VRG and oRG are both accompanied by the expression of stem cell markers such as PAX6 and exhibit extensive self-renewal and proliferative capacities 6. However, despite functional similarities, they have distinct molecular phenotypes. Previous scRNA-seq analyses have identified several molecular markers, including HOPX for oRGs, CRYAB, and FBXO32 for vRGs7. Furthermore, oRGs are derived from vRGs, and vRGs exhibit obvious differences in numerous cell-extrinsic mechanisms, including activation of the FGF-MAPK cascade, SHH, PTEN/AKT, and PDGF pathways, and oxygen (O2) levels. These pathways and factors involve three broad cellular processes: vRG maintenance, spindle orientation, and cell adhesion/extracellular matrix production8. Some transcription factors have been shown to participate in vRG generation, such as INSM and TRNP1. Moreover, the cell-intrinsic patterns of transcriptional regulation responsible for generating oRGs have not been characterized.
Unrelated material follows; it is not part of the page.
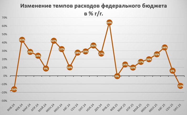 По сути, бюджетный импульс исчерпан: он больше не поддерживает экономический рост, а налоговые поступления обрушились. В таких условиях возвращение к прежним темпам увеличения расходов (около +15% год к году) приведет лишь к лавинообразному росту дефицита.

ScRNA-seq is a powerful tool for investigating developmental trajectories, defining cellular heterogeneity, and identifying novel cell subgroups9. Several groups have sampled prenatal mouse neocortex tissue for scRNA-seq 10,11, as well as discrete, discontinuous prenatal developmental stages in human and non-human primates, 7,12 13,14. The diversity and features of primate cortical progenitors have been explored 4,6,7,15.
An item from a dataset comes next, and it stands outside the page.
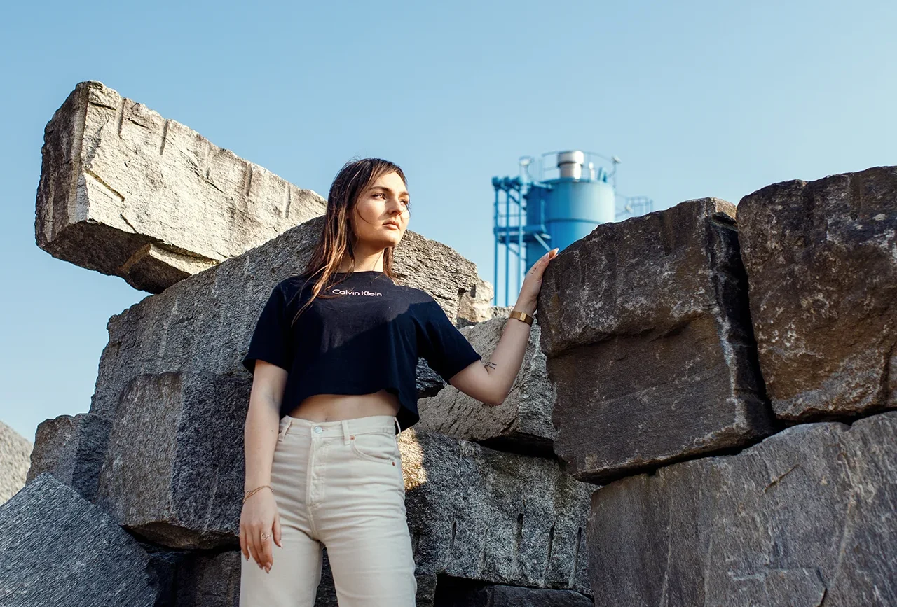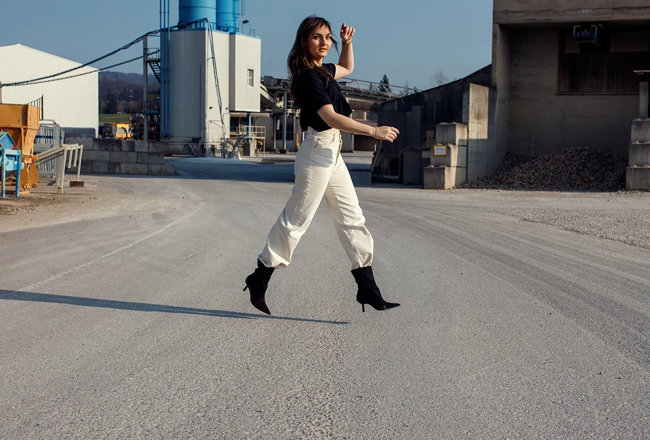 Die Umsetzung erfolgte als Outdoor Shooting am Hochrhein. Die gewählte Location mit industriellen Strukturen und offenen Flächen bot dabei die ideale Grundlage für eine ruhige und zugleich ausdrucksstarke Bildwirkung. Durch gezielte Posing-Anleitung während des Shootings entwickelte sich eine natürliche Körpersprache, die zwischen Bewegung und Ruhe variiert und so eine vielseitige, moderne Serie entstehen lässt.

The temporally divergent regulatory mechanisms that govern cortical neuronal diversification at the early postmitotic stage have also been focused on 16. Studies spanning the full embryonic neurogenic stage in the neocortex of humans and other primates are still lacking. Rhesus macaque and humans share multiple aspects of neurogenesis, and more importantly, the rhesus monkey and human brains share more similar gene expression patterns than the brains of mice and humans17–19. To establish a comprehensive, global picture of the neurogenic processes in the rhesus macaque neocortex, which can be informative of neocortex evolution in humans, we sampled neocortical tissue at five developmental stages (E40, E50, E70, E80, and E90) in rhesus macaque embryos, spanning the full neurogenesis period. Through strict quality control, cell type annotation, and lineage trajectory inference, we identified two broad transcriptomic programs responsible for the differentiation of deep-layer and upper-layer neurons. We also defined the temporal expression patterns of neural stem cells, including oRGs, vRGs, and IPs, and identified novel transcription factors involved in oRG generation. These findings can substantially enhance our understanding of neocortical development and evolution in primates.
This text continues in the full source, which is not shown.